Surat ini juga meminta agar PBNU segera menggelar rapat pleno untuk membahas pemberhentian dan pergantian fungsionaris dalam struktur PBNU.
"Bahwa untuk memenuhi ketentuan dan mekanisme yang diatur dalam Pasal 7 Ayat (4) Peraturan Perkumpulan Nahdlatul Ulama Nomor 10 Tahun 2025 tentang Rapat, Pasal 8 huruf a dan b Peraturan Perkumpulan Nahdlatul Ulama Nomor 13 Tahun 2025 tentang Pemberhentian Fungsionaris, Pergantian Antar Waktu dan Pelimpahan Fungsi Jabatan, serta Peraturan Pengurus Besar Nahdlatul Ulama Nomor: 01/X/2023 tentang Pedoman Pemberhentian Pengurus, Pergantian Pengurus Antar Waktu, dan Pelimpahan Fungsi Jabatan Pada Perkumpulan Nahdlatul Ulama, maka Pengurus Besar Nahdlatul Ulama akan segera menggelar rapat pleno," demikian bunyi keterangan tersebut.

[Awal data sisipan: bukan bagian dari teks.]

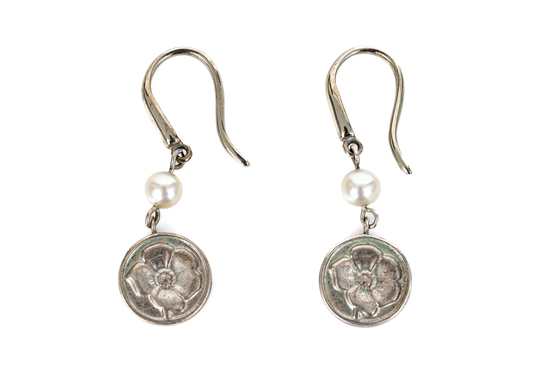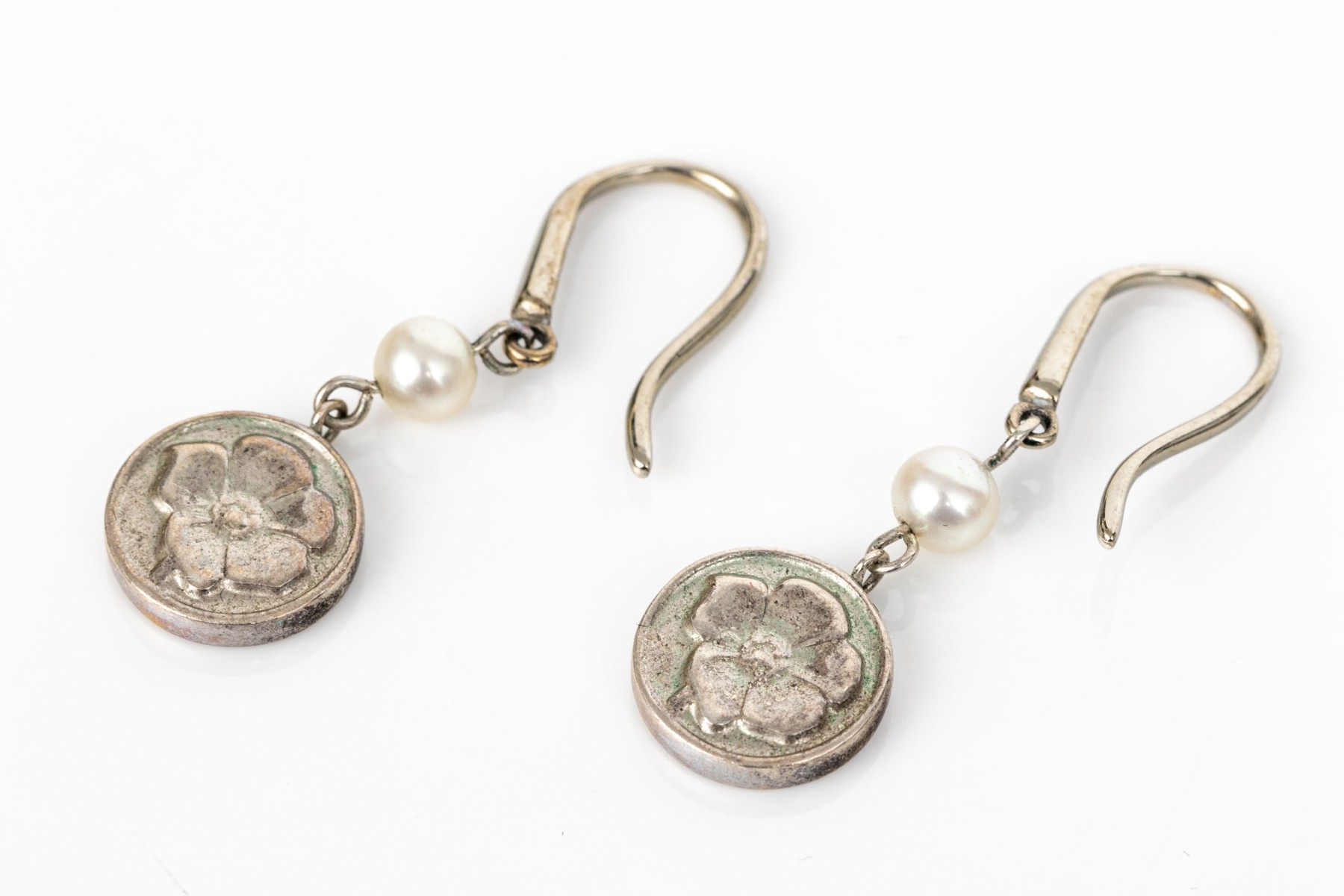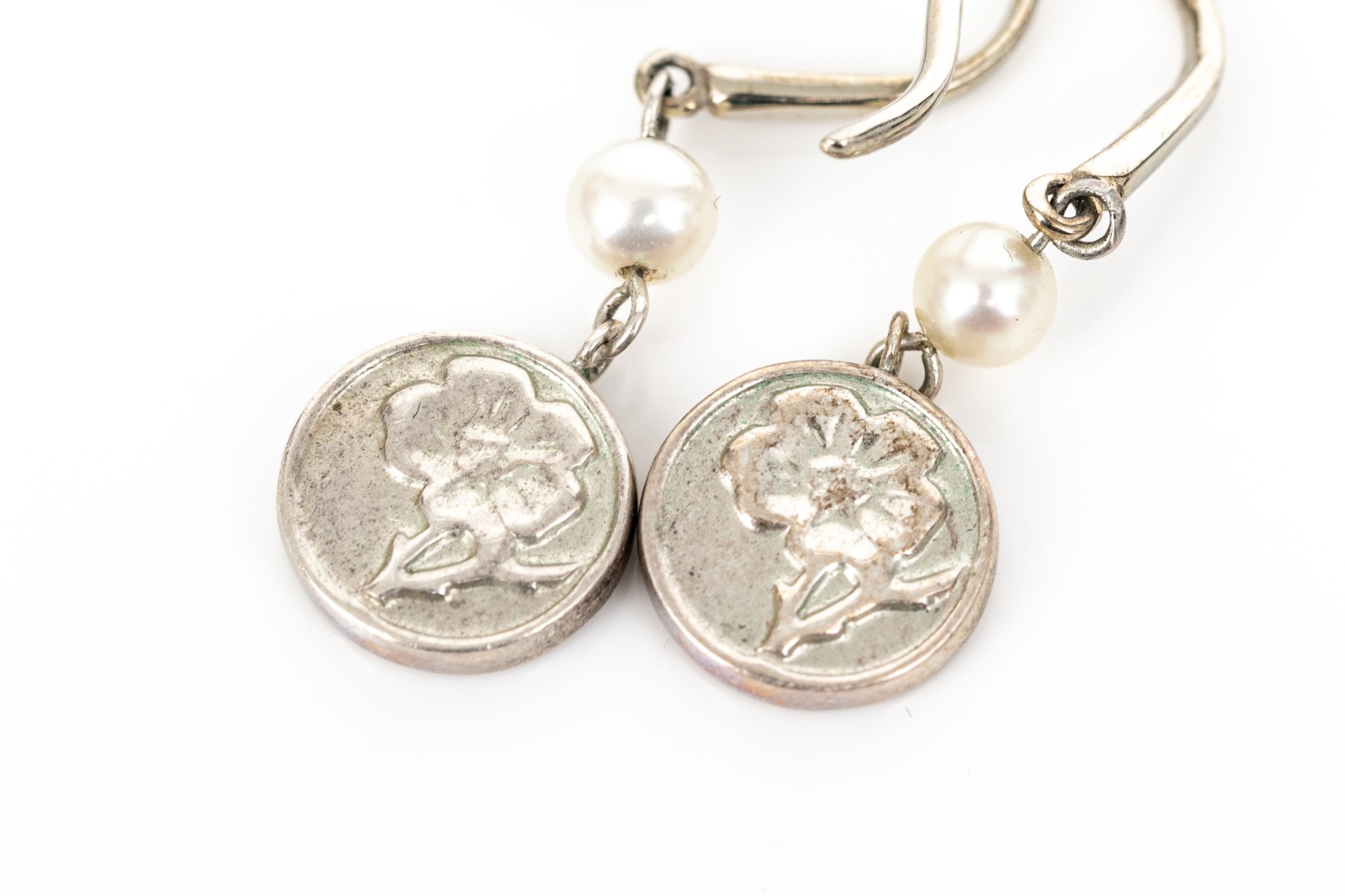 Tiffany & Co. sterling silver lovely "Nature Rose" patterned medallion drop pendant earrings, finished with shepherd's style hooks
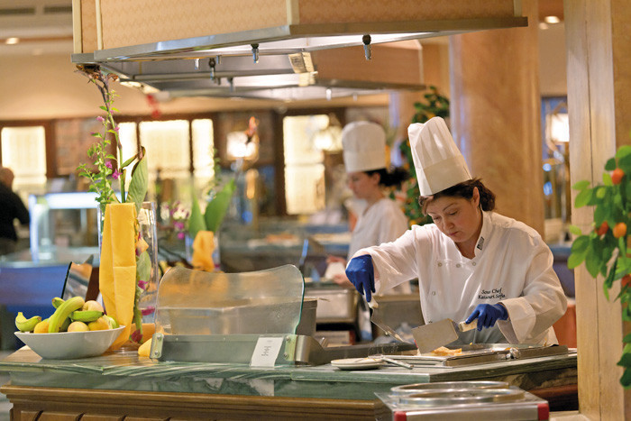 Насладитесь вкусными блюдами изобильного шведского стола на веранде ресторана Sympossio, откуда открывается завораживающий вид на Критское море.

Terkait kekosongan jabatan Ketua Umum, disebutkan bahwa Hal itu sepenuhnya wewenang Rais Aam selaku pimpinan tertinggi Nahdlatul Ulama.
Sementara itu Gus Yahya menegaskan dirinya Masih menjabat sebagai Ketua Umum PBNU. Menurutnya Ketua Umum tidak bisa diberhentikan melalui rapat haran Syuriah. Itulah sebabnya mantan anggota Dewan Pertimbangan Presiden (Wantimpres) ini menegaskan tidak akan mundur dari jabatannya.
Saat memberikan keterangan, Rabu 26 November 2025, Gus Yahya menyatakan dirinya hanya bisa diberhentikan melalui Muktamar.
"Saya sebagai mandataris, tidak mungkin bisa diberhentikan kecuali melalui Muktamar. Saya diminta mundur dan saya menolak mundur, saya menyatakan tidak akan mundur, dan saya tidak bisa diberhentikan kecuali melalui Muktamar," ucap Gus Yahya.
Pengasuh Pondok Pesantren (PP) Raudlatut Tholibin, Rembang, Jawa Tengah ini menambahkan proses rapat harian Syuriyah tidak dapat diterima karena hanya melontarkan tuduhan-tuduhan dan melarang dirinya untuk memberikan klarifikasi. Gus Yahya menilai, keputusan memberhentikannya adalah tindakan yang melampaui wewenang rapat harian Syuriyah PBNU.
"Kemudian langsung menetapkan keputusan yang berupa hukuman, ini jelas tidak dapat diterima. Rapat harian Syuriyah itu tidak bisa memberhentikan siapapun, tidak ada wewenang untuk memberhentikan siapapun. Nggak ada wewenangnya. Menghentikan fungsionaris lembaga saja enggak bisa, apalagi Ketua Umum," ujar Gus Yahya.
Kakak kandung mantan Menteri Agama Yaqut Cholil Qoumas ini memastikan tidak ada pejabat di lingkungan kepengurusan NU yang mempunyai wewenang tidak terbatas. Setiap orang, setiap jabatan, tugas, dan wewenangnya diatur oleh konstitusi organisasi atau anggaran dasar dan anggaran rumah tangga (AD/ART).
"Jadi tidak bisa sembarangan, walaupun orang itu sangat dimuliakan, tetap saja tugas dan wewenangnya dibatasi oleh konstitusi dan aturan-aturan organisasi sehingga tidak bisa digunakan, tidak bisa melakukan hal-hal di luar tugas dan wewenang," ujarnya.